Aim of the exercise: The listing is to be transcribed in full, with its images left out.

Supplied material:
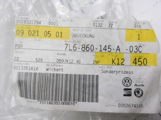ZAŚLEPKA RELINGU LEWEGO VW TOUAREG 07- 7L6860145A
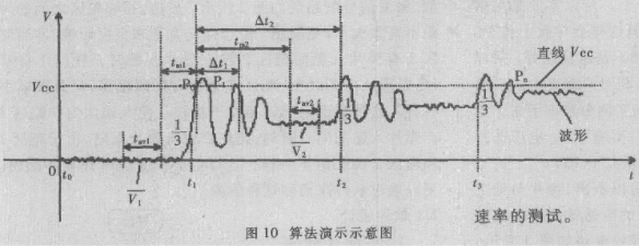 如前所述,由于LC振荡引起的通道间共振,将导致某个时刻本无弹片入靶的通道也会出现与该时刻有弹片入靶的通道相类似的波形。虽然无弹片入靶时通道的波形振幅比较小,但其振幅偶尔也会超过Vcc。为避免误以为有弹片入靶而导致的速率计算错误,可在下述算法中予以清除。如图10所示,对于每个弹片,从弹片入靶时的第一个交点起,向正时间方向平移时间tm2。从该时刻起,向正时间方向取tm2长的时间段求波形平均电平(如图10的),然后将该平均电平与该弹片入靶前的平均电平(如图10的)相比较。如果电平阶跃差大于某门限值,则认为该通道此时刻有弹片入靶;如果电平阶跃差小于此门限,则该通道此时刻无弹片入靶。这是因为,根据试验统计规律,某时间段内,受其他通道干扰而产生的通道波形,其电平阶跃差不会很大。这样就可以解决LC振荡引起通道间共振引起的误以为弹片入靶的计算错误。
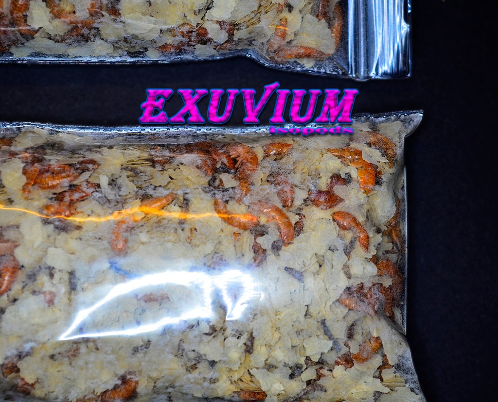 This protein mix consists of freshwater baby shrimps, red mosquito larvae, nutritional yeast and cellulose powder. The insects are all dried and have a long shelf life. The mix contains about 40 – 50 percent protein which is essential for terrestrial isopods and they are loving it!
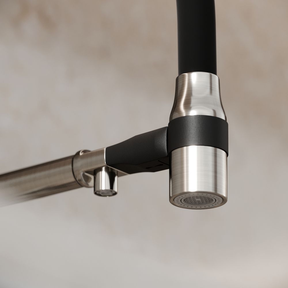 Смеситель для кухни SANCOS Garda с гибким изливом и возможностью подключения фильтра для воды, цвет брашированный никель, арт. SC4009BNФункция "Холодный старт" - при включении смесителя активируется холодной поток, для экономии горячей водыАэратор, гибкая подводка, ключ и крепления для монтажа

Result of the task:
ZAŚLEPKA RELINGU LEWEGO VW TOUAREG 07- 7L6860145A
 如前所述,由于LC振荡引起的通道间共振,将导致某个时刻本无弹片入靶的通道也会出现与该时刻有弹片入靶的通道相类似的波形。虽然无弹片入靶时通道的波形振幅比较小,但其振幅偶尔也会超过Vcc。为避免误以为有弹片入靶而导致的速率计算错误,可在下述算法中予以清除。如图10所示,对于每个弹片,从弹片入靶时的第一个交点起,向正时间方向平移时间tm2。从该时刻起,向正时间方向取tm2长的时间段求波形平均电平(如图10的),然后将该平均电平与该弹片入靶前的平均电平(如图10的)相比较。如果电平阶跃差大于某门限值,则认为该通道此时刻有弹片入靶;如果电平阶跃差小于此门限,则该通道此时刻无弹片入靶。这是因为,根据试验统计规律,某时间段内,受其他通道干扰而产生的通道波形,其电平阶跃差不会很大。这样就可以解决LC振荡引起通道间共振引起的误以为弹片入靶的计算错误。
 This protein mix consists of freshwater baby shrimps, red mosquito larvae, nutritional yeast and cellulose powder. The insects are all dried and have a long shelf life. The mix contains about 40 – 50 percent protein which is essential for terrestrial isopods and they are loving it!
 Смеситель для кухни SANCOS Garda с гибким изливом и возможностью подключения фильтра для воды, цвет брашированный никель, арт. SC4009BNФункция "Холодный старт" - при включении смесителя активируется холодной поток, для экономии горячей водыАэратор, гибкая подводка, ключ и крепления для монтажа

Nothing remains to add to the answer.